両大陸が衝突した北アメリカのアパラチア地方からスコットランド北部のカレドニア地域を経てスカンジナビア半島・グリーンランド東部に連なる激しい造山運動がありました。
これを、ヨーロッパではカレドニア造山運動、北アメリカではアパラチア造山運動として知られています。
造山運動の結果生じた山地周辺や内陸盆地には、乾燥気候下で生成された旧赤色砂岩層が堆積しました。
愛媛県では、前述のシルル紀からこのデボン紀にかけて、岡成層と呼ばれる東宇和郡野村町岡成から城川町寺野付近にかけてほぼ東西方向に点在する岩石があります。
これは、大陸の上を覆った流紋岩や石灰岩、そして酸性火山砕屑岩であり、石灰岩中には鎖サンゴや蜂の巣サンゴの化石が含まれています。
【気候】
サンゴ礁が広く分布することから、気候は概して温暖であったと考えられていますが、南半球の極地域には氷河の発達もありました。
日本では、北上山地、阿武隈山地、飛騨山地、西南日本外帯にシルル系とともに細長く分布しています。
炭素、酸素、ストロンチウムなどの同位体測定や、元素分析による古環境解析から、気候の急激な寒暖の変化、海水面の後退、乾燥化、低酸素化、などの大きな環境変化がデボン紀後期に繰返し発生し、おそらくこれらの環境変化が大量絶滅の要因だと考えられています。

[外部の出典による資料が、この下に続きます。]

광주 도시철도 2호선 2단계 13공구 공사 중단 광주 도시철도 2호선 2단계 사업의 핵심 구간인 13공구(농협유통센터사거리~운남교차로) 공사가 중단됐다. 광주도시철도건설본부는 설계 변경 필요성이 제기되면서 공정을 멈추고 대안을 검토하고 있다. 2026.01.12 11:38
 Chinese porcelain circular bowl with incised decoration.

デボン紀の開始時期にあたる約4億2000万年前から、複数の陸塊同士(ローレンシア大陸やバルティカ大陸など)が衝突し、ユーラメリカ大陸が赤道直下に誕生しました。
現在の北アメリカ東海岸、グリーンランド、スコットランドがユーラメリカ大陸の一部でした。
ユーラメリカ大陸には、陸塊の衝突時にできた巨大な山脈がありました。
その山脈が大気の流れを大きく遮り、恒常的な降雨を周辺地域にもたらしていたそうです。

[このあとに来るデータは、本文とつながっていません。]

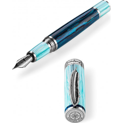 Dvojfarebná Montegrappa napodobňuje arktické ročné obdobia v žiarivých odtieňoch modrej. Naša patentovaná remeselná živica spája výrobné zvyšky a minimalizuje plytvanie materiálom.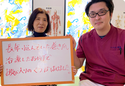 歩くだけで痛かった巻き爪が、今は気にならなくなりました。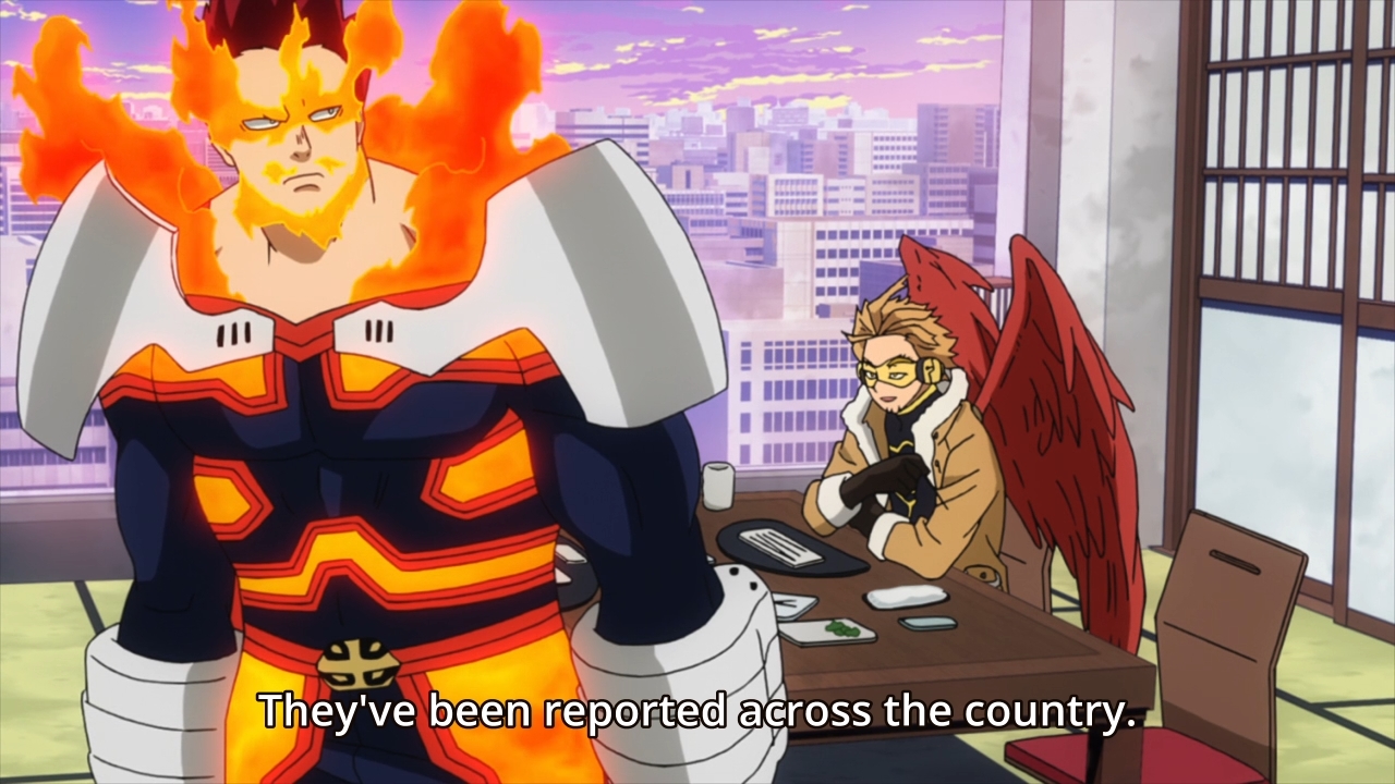 — Moving along, Hawks calls Endeavor all the way out to Kyushu to talk about some unsettling rumors. Apparently, Nomus have been sighted, and he thinks this is the golden opportunity for Endeavor to seize his newly minted ranking by quelling society’s fears.

そのため長大な河川が出現し、この河川に沿って動植物が大陸内部まで活動範囲を拡げていくことが可能となったと言われています。
前代のシルル紀に、既に植物の陸棲化は開始していましたが、デボン紀には河川に沿って大規模に植生域が拡大していったそうです。

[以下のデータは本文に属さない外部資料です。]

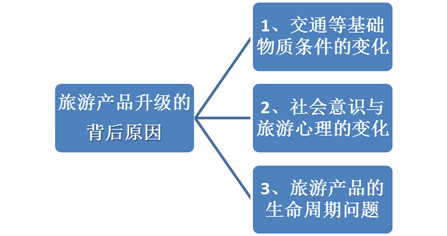 二、旅游產(chǎn)品升級的背后原因1、交通等基礎(chǔ)物質(zhì)條件的變化其實,傳統(tǒng)的觀光游和交通設(shè)施、住宿建設(shè)的落后也有一定關(guān)系; 隨著基礎(chǔ)設(shè)施建設(shè)水平提高,例如精品建筑對度假游的支撐、快捷交通對自駕游的支撐等等,都為產(chǎn)品升級換代提供了前提條件 2、社會意識與旅游心理的變化目前我國社會意識、社會階層正由一體化走向多元化。一些新觀念開始占據(jù)旅游市場主流,如享樂意識、環(huán)保意識、回歸意識。 相應(yīng)導(dǎo)致對一些新興產(chǎn)品的流行: 如異域情調(diào)產(chǎn)品,“洋人街”、“韓國城” 等; 如自然回歸產(chǎn)品,登山、露營等。 3、旅游產(chǎn)品的生命周期問題旅游地不一定具有生命周期,而旅游產(chǎn)品一定有生命周期(旅游地只是旅游產(chǎn)品的載體,旅游地的同一資源經(jīng)過不同方式的提升編排可能出現(xiàn)不同的產(chǎn)品)。 產(chǎn)品生命周期論,要求依據(jù)市場動態(tài),適時調(diào)整產(chǎn)品結(jié)構(gòu)和層次。 尤其是那些傳統(tǒng)的經(jīng)典觀光景區(qū),產(chǎn)品也需要周期性提升。目前國內(nèi)已經(jīng)有探索,例如張家界,新添加“玻璃棧道”這樣的人工奇景與原有自然美景相得益彰;再如長白上周邊打造度假區(qū),與傳統(tǒng)的天池觀光景區(qū)也是相互補充。

アーケオプテリス(またはアルカエオプテリス、Archaeopteris)などのシダ状の葉を持つ樹木状植物が誕生したことにより、最古の森林が形成されていったそうです。
そして、この森林の拡大にしたがい湿地帯も同時に形成されていきました。
河川と森林そして湿地帯の存在が生物種の進化を支え、さらに大陸内部の気候は、乾季や、時には大規模な乾燥期もあったため、前述する昆虫類や両生類など、より乾燥に強い生物種の誕生を促したとされています。